Social entrepreneurship is essentially the idea of applying the techniques and skills of traditional entrepreneurship to create sustainable enterprises aimed at social causes. It’s about innovation, moving quickly and taking risks — but with aims other than personal gain.

Many, perhaps most, of the new media and journalism projects that will fill the gaps left by disintegrating traditional media in coming years will need this kind of thinking. The people doing them will be thinking more about filling a local need than making a buck.

But even a not-for-profit enterprise needs a businss model. Unless people are planning for sustainability, they are guaranteeing that their projects will hit a wall. Changing the world is a long-range process, not something for the short term.

Digital Media Entrepreneurship, a Few Thoughts…

Wednesday, November 21st, 2007

In the past several weeks, with a brief timeout, I’ve been thinking hard about the new Knight Center for Digital Media Entrepreneurship that I’ll be starting at Arizona State University next year. To say that I’m excited about this is an understatement; I can’t wait to get started.

As I finish up some other work, ponder transitions of ongoing work and deal with the horrible chores of moving residences, etc., I’ve managed to have some conversations with several friends in the media and startup arenas. Nothing is set in stone yet, but I do have some initial thoughts.
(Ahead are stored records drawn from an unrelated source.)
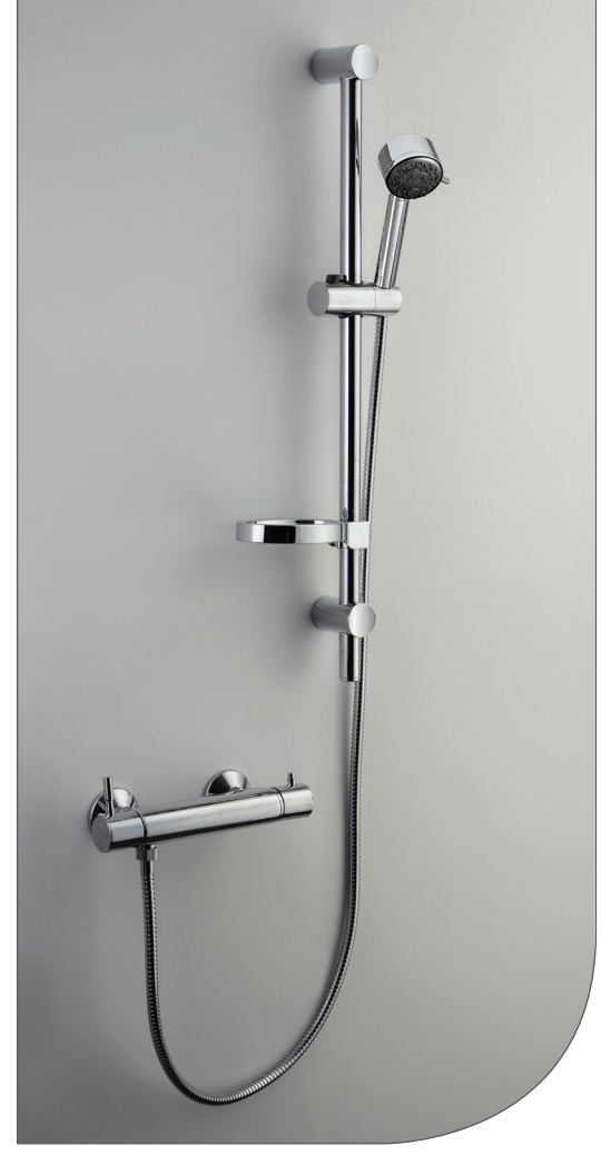
Vettora TMV2 Bar Shower Mixer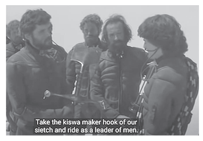
Fig. 4: Stilgar explaining how to ride the sandworm on Arrakis to Paul, Dune (1984).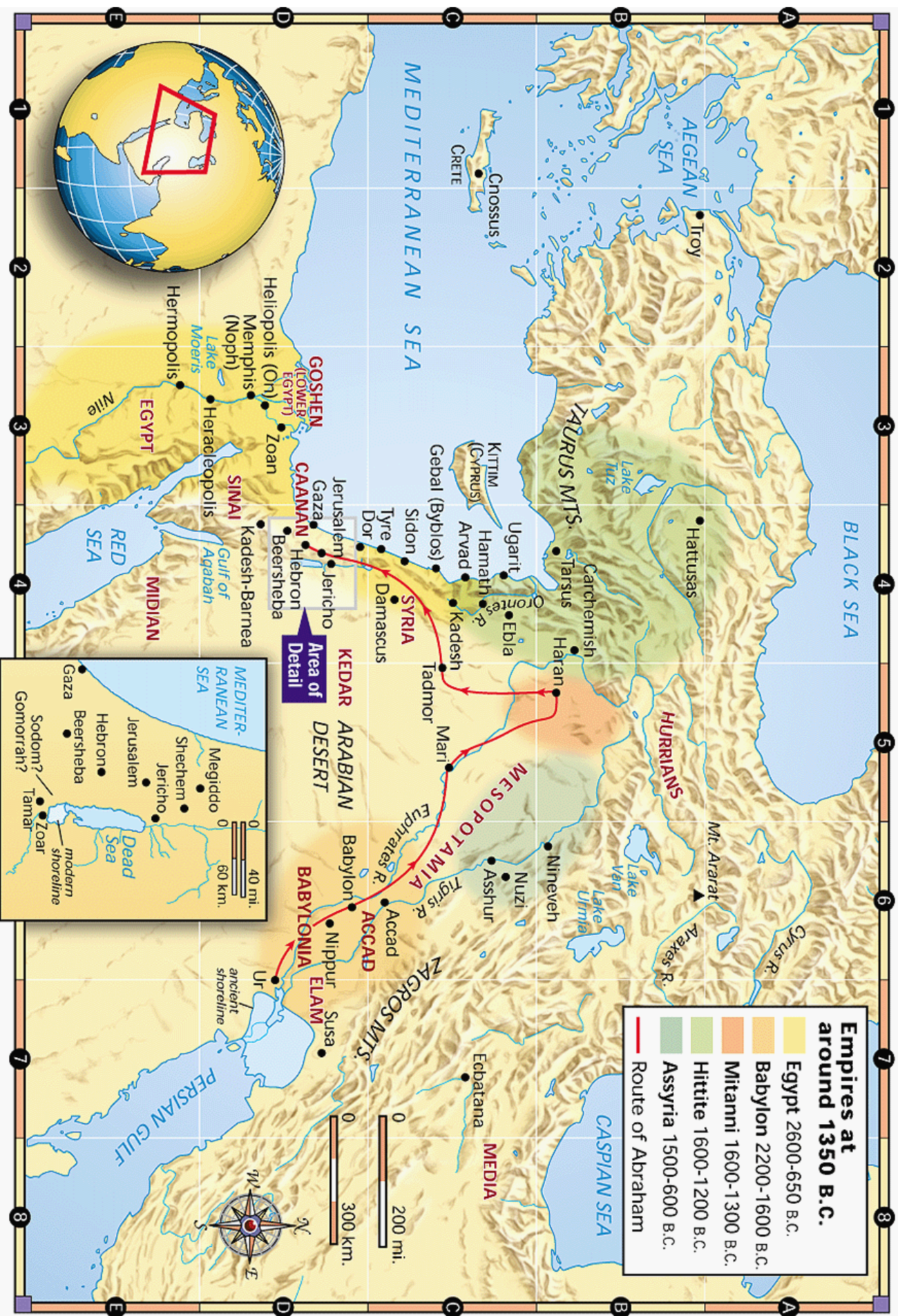
Map 1 - The Ancient Near East, 1800 to 1400 B.C. (from CEV Maps, Copyright © 1995 American Bible Society. All rights reserved.)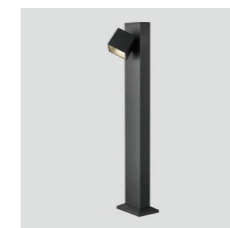
C-12 Bollard Lighting: 12W. Page. 376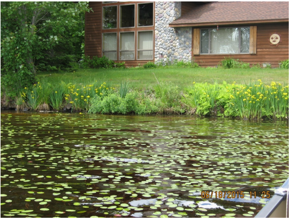
6/18/2015 Property 0200 south “before”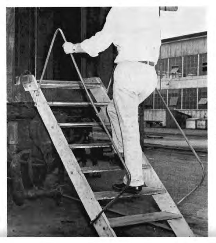
This man isn't about to fall, break bones, or hurt his back, because he's using a good support to climb onto a car. Do you?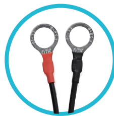
SAE TO RING CABLE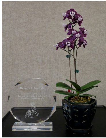
Northern Trophy with Winner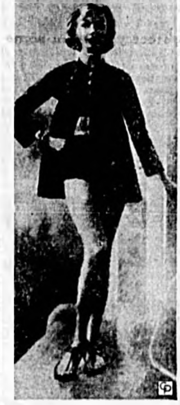
SILK GOES DOWN TO THE SHORE in this play costume by Claire McCordell. Red checks on navy on the pure silk broadcloth. All-round shirring falls from an Empire yoke that is string-tied from a small collar. Beneath are brief shorts and bra, with strings also to tie as you will in typical McCordell style.

Celery led, with a production of about two million crates. This acreage in Seminole County amounted to less than 20 per cent of the total celery acreage in the state, yet the volume produced from this acreage was almost one-fourth of Florida's total production.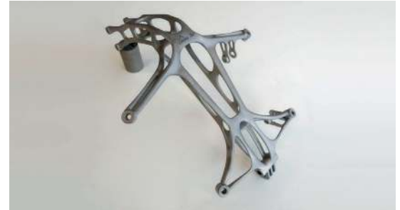
Final design of the windshield bracket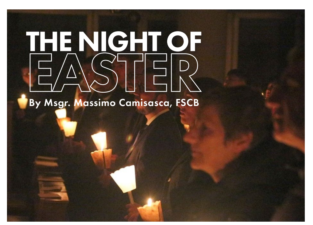
Photo: A moment from the Easter Vigil liturgy in the House of Formation of the Fraternity of St. Charles

he liturgy of the night of Easter is the most ancient in the Church: born in the synagogue, it then slowly developed until it took on, in the VII century, its current form. We can live it according to its two registers: word and sign. If we listen to the texts that are proclaimed or prayer, a pedagogy of words helps us to enter into the unity of the history of salvation and therefore of our own personal history. But the Church also educates us through a "pedagogy of signs."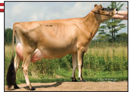
ARETHUSA VERONICAS PRANCER-ET Sister to the Dam of Lot 11 & 12

FOLLOWED BY FOUR MORE EXCELLENT DAMS IN CANADA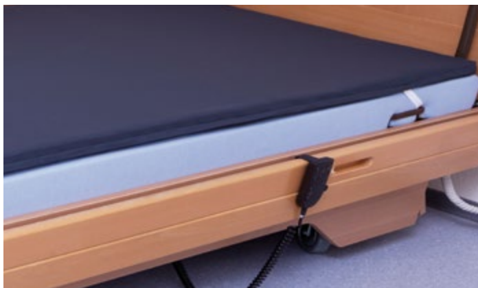
3DEA® CARE SOLO mattress pad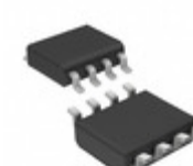
TS912ID STMicroelectronics IC OPAMP GP 1.4MHZ RRO 8SO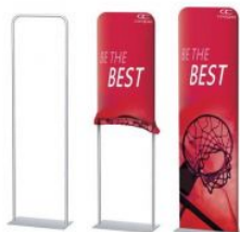
GRAPHIC CHANGES IN LESS THAN 1 MINUTE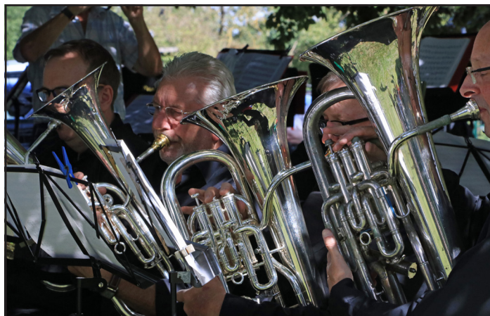
The brass band in full swing.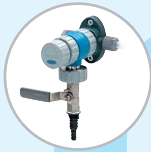
Shut off/ manual flow control module VCL 02 A1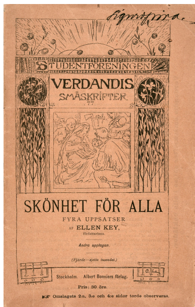
Figure 3. Ellen Key (1849–1926): Skönhet för Alla (‘Beauty for Everyone’), Stockholm 1899. Cover by Carl Larsson (1853–1919).

The great success of this exhibition—it was viewed by 5000 visitors—encouraged Ellen Key to extend and revise her essay “Skönhet i hemmen” (‘Beauty in the Home’) published in 1897, and together with the three magazine articles published in 1891–1897: “Vardagsskönhet” (‘Everyday Beauty’), “Festvanor” (‘Festive Customs’) and “Skymningsbrasan” (‘The Twilight Fire’) present a summary in the anthology Skönhet för Alla (‘Beauty for Everyone’) (Key 1891; Key 1895; Key 1896; Key 1897b). This appeared in 1899 with a title page designed by Carl Larsson in the series of the radical Uppsala Student Association Verdandi published by her friend Albert Bonnier (Key 1899; Figure 3).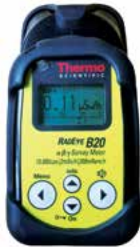
Dose rate meter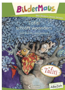
Picture Mouse - Tafiti Sleeps Somewhere Else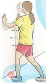
Standing soleus stretch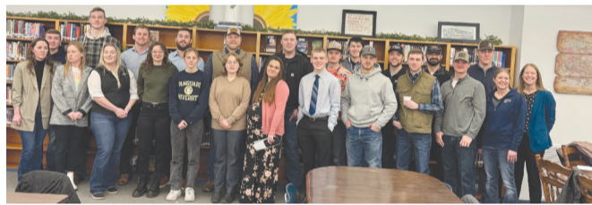
The Heppner High School Alumni posing together after speaking with the HHS kids.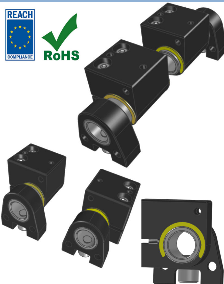
MA 685 MA 101 LIFE TEST 200,000 CYCLES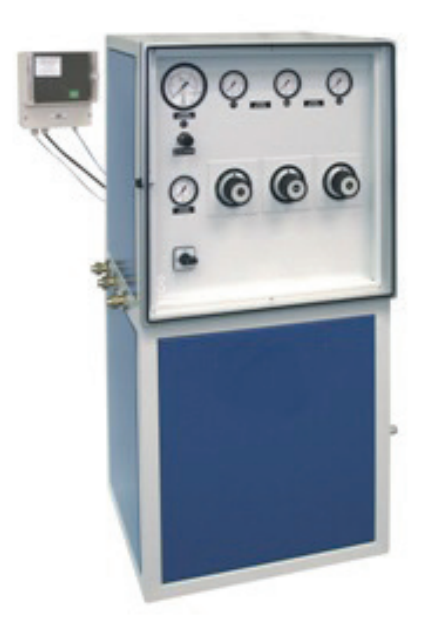
Figure 1: Flow Rate in Nm<sup>3</sup>/h based on inlet pressure 13 barg

Available in four sizes – from small to extra large (as shown in fig 1.) – with many additional features, including the ability for data logging and automatic calibration with the advanced system.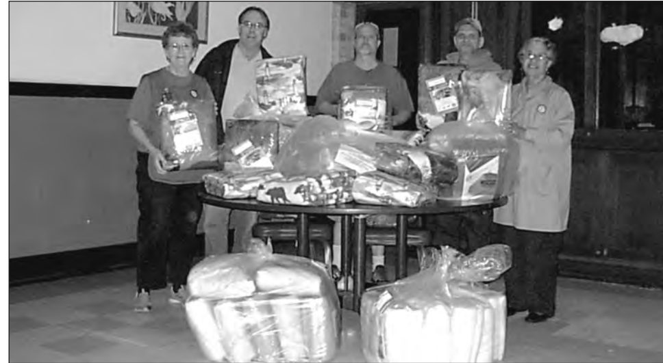
Preparing to deliver blankets to the homeless veterans at one of the shelters.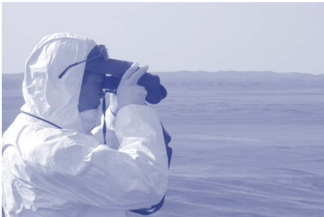
Inspector on watch, CTBTO on-site inspection exercise, Kazakhstan, 2008

Ongoing and collegiate activity by NDCs to analyse ambiguous events would help to establish as normal the objective of clarifying the nature of events, and lead naturally to the use, where appropriate, of the clarification mechanisms that are explicit in the Treaty.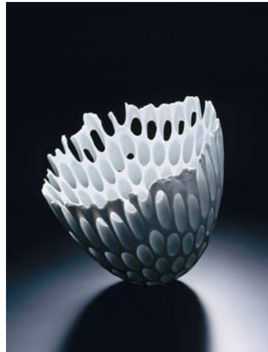
Yasuko Sakurai, White Flower , 2000, Private Collection, Porcelain

S oaring Voices reflects the rich and innovative ceramic culture of Japan through the presentation of 86 exceptional ceramics by 25 contemporary artists. The artists selected are all women—demonstrating the transition in Japanese society toward individual women artists becoming recognized in this creative realm traditionally held by men.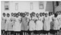
Stoney Nakoda girls at school (a034733)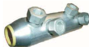
SPS Joint has tapered Profile with Conductors Centralised

Notes: Items 1-3 are the Universal type, items 4-12 have only the required modules. Trifurcating Joints are available.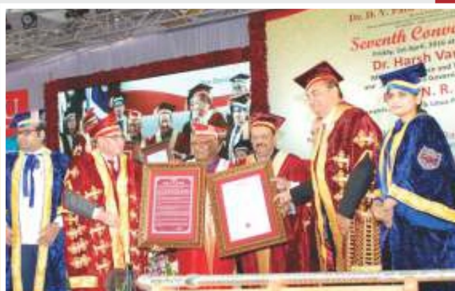
Conferring the degree of Doctor of Science (Honoris Causa) on Dr. C. N. R. Rao National Research Professor & Linus Pauling Research Professor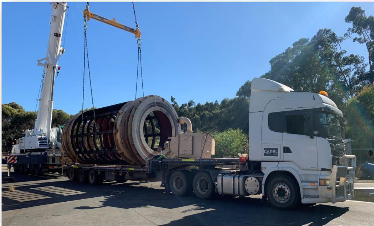
Figure 2: The trommel barrel is loaded for transport

The trommel is a key piece of process equipment, comprising a rotating screening barrel mounted over a large sump on a structural steel-base frame. Mined sand passes through the screen panels and is pumped to the processing plant. The trommel is in excellent condition structurally and an ideal fit-for-purpose item of major process equipment for the project.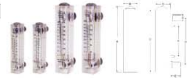
The outline size of FMZ-Series flow meter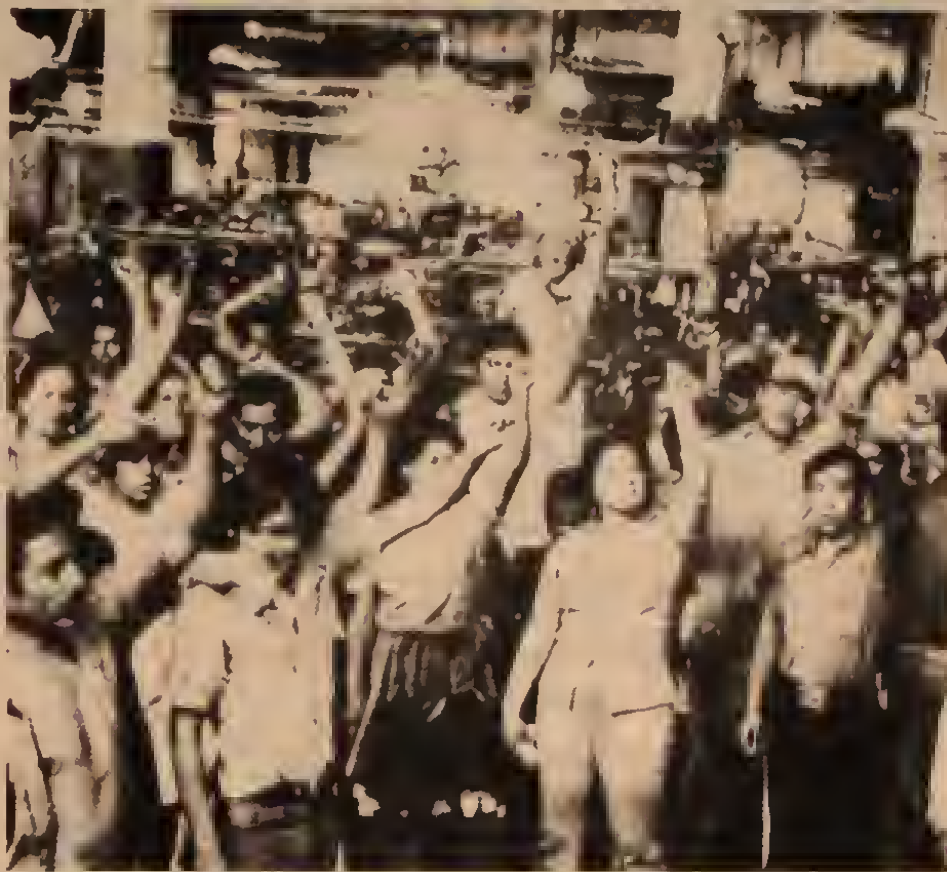
Salvadoran workers stage one-day political general strike on 17 March 1980 against murderous junta.

The Salvadoran struggle can also have a tremendous impact on the United States far exceeding that of the liberal-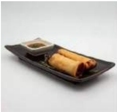
VEGETABLE SPRING ROLL (V) MIXED VEGETABLES WITH SWEET CHILLI SAUCE £9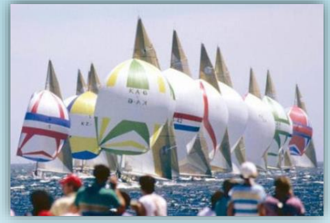
America's Cup Fleet in Fremantle

She explored sailing elsewhere in Australia, particularly breathtaking Sydney Harbor and participated in the lead-up to the famous Sydney to Hobart Race, one memorable time as a guest on the magnificent VO60 Nokia , one of the fastest ocean-racing yachts in the world.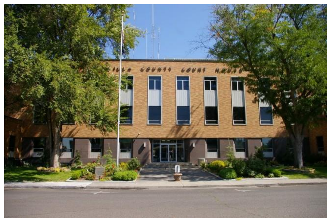
Umatilla County Court House - Pendleton (2012)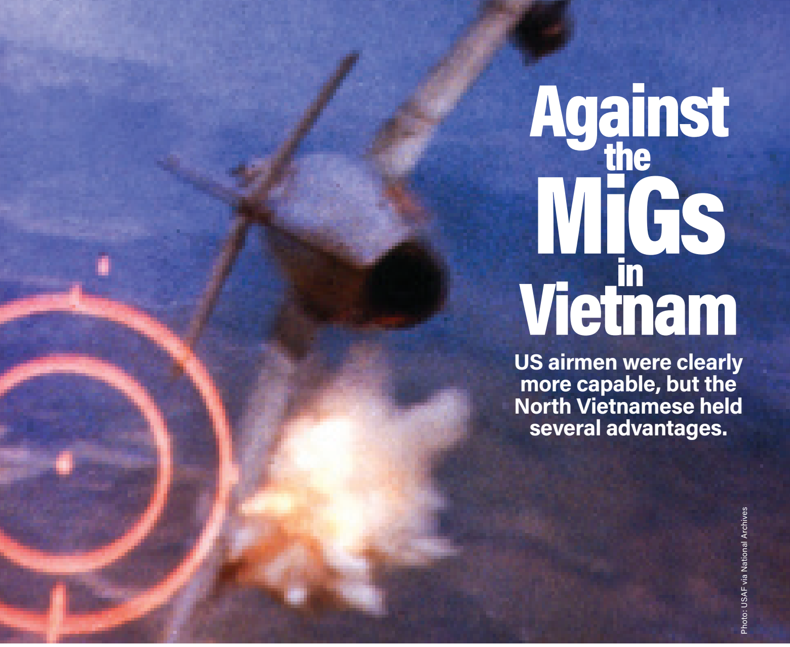
A North Vietnamese MiG-17 is hit by 20 mm rounds from an Air Force F-105D on June 3, 1967.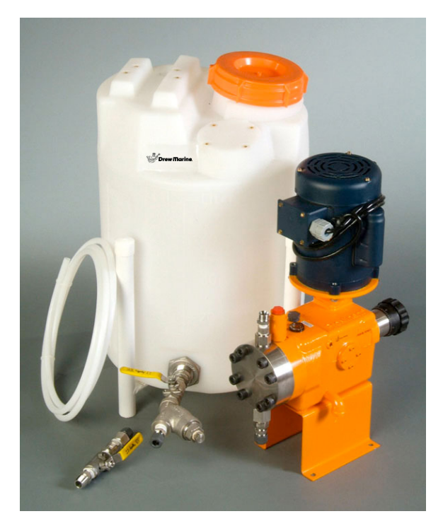
DREW Promus Metering System (PCN 1AA8980)

Power Supply: 115/208 – 230 VAC; 1 ph; 60 Hz Maximum Amps: 8.4/4.1- 4.2 Tank Capacity: 60 liters (15.85 gallons) Tubing: 10 meters, flexible ½" PE Pressure: 140 Bar (2080 psig) Capacity: 7.6 L/h (2 G/h)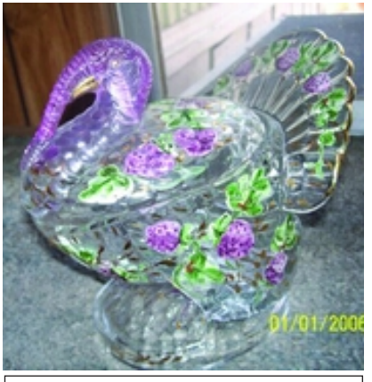
1222 Turkey with hand painted decor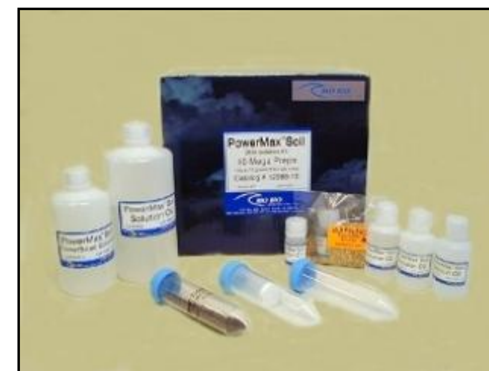
Figure 4: Example of one of four DNA extraction kits performed on sediment samples.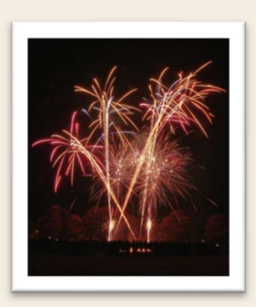
"Chalford\ Hill\ fireworks" - Glyn\ Heskins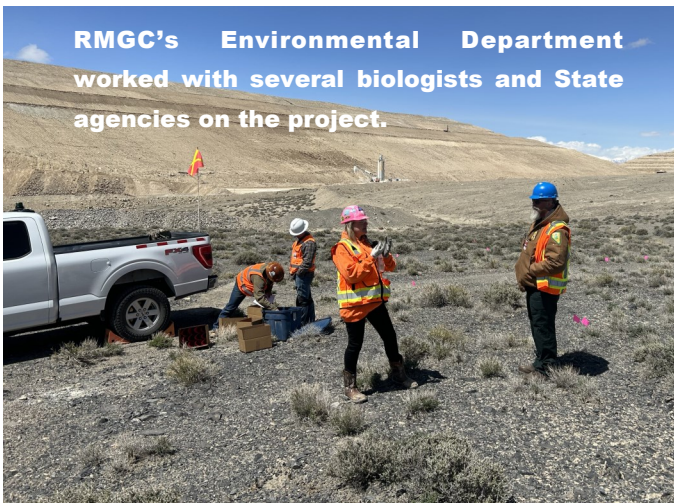
RMGC's Environmental Department worked with several biologists and State agencies on the project.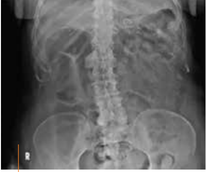
Same view processed with a conventional anti-scatter grid.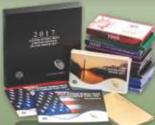
Proof & Mint Coin Sets

The most important thing is simple: This is a time of incredible opportunity in media, and entrepreneurial thinking is absolutely key to the future of journalism.

Much of the worry in the traditional organizations is well warranted, given the implosion of their business models, but even there I’m seeing plenty of creativity spawned by the realization that what worked, business-wise, in the past is at best unlikely to work in the future due to the end of the monopoly and oligopoly eras of news.

Meanwhile, activists and entrepreneurs are seizing the chance to make a difference when it counts. Everywhere I go, I talk with people of all ages who have great-sounding ideas about media projects. The major question remains, how do we make these things sustainable?

As noted elsewhere (and principally in this case by Clay Shirky, whose work has given me several light-bulb moments over the years), one of the most important shifts in the digital landscape has been the declining cost of experimentation. Anyone who has an idea about media can try it out for a relatively low cost, perhaps merely the investment of some time.

That is made to order for the university environment in an obvious way. At the same time, semesters have start times and end times, and that students have other work to do besides our course and independent study projects. Entrepreneurship is about many things, and focus is one.

I’ve already met, spoken with or emailed with several ASU students who are looking at the new center as a possible fit for their own work. And next Monday and Tuesday, I’ll be on the campus, where I hope to meet with many more.